We did do layoffs, so our team could access unemployment benefits and we also created an emergency fund to support them in the interim. This decision was a blow to everyone’s stability, but it was better than the “wait and see” approach that many businesses take; because for the entire “wait and see” period, your employees are worrying about their jobs.
And by the way, while you are humming and hawing over important decisions, the market will make the decision for you, which is bad for everyone.
5. Stand For Something
If your business only exists to make money, and you are not the Royal Mint, then your engagement will be directly tied to compensation. Kind of weak… (find out more about fair compensation here)
Instead, with remote teams, your organization needs to stand for something. Fight child slavery, make the internet more secure, build sustainable products, retire planned obsolesce. Whatever you stand for — if it is something worth believing in then your people will believe in it.
At our company, we’ve encoded our beliefs in core values. My favorite is Level 10 Integrity, which informs every decision we make big and small. For example, a few years ago we wanted to launch a themed Harry Potter experience under the radar (obviously not Level 10). Instead, we contacted J.K Rowling and her agent said no. So, we called our experience the “The Completely Unofficial and Definitely Unlicensed Boy Wizard Tour” and it was a hit, in part because of the creative name.
Source: SYFY
Level 10 Integrity is one example of standing for something that your people can get behind, which will take your remote team to levels of engagement that money never could. This engagement seriously boosts productivity too.
Side note from my soapbox: The last few months are one of the lowest integrity business climates I have ever seen. Many businesses, desperate to reinvent themselves, are taking shortcuts that they won’t be proud of in the long term. Short term profits are important, but your legacy will last forever.

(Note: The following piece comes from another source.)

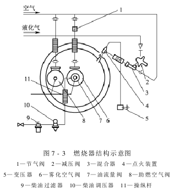 以柴油作热源的燃烧器一般由点火系统、燃烧系统、助燃雾化系统和供油系统组成,图7-3是其结构示意图。

All You Need to Keep a Remote Team Engaged
That’s it. Five high-level ideas on how to actually engage remote employees right now.
When you have this foundation in place, I recommend planning some virtual team building activities for your team. As I’ve mentioned, not all remote employee engagement has to be top-down; it comes at a peer level too.
Invest in time and space for your people to connect with each other and build meaningful relationships. It makes a world of difference.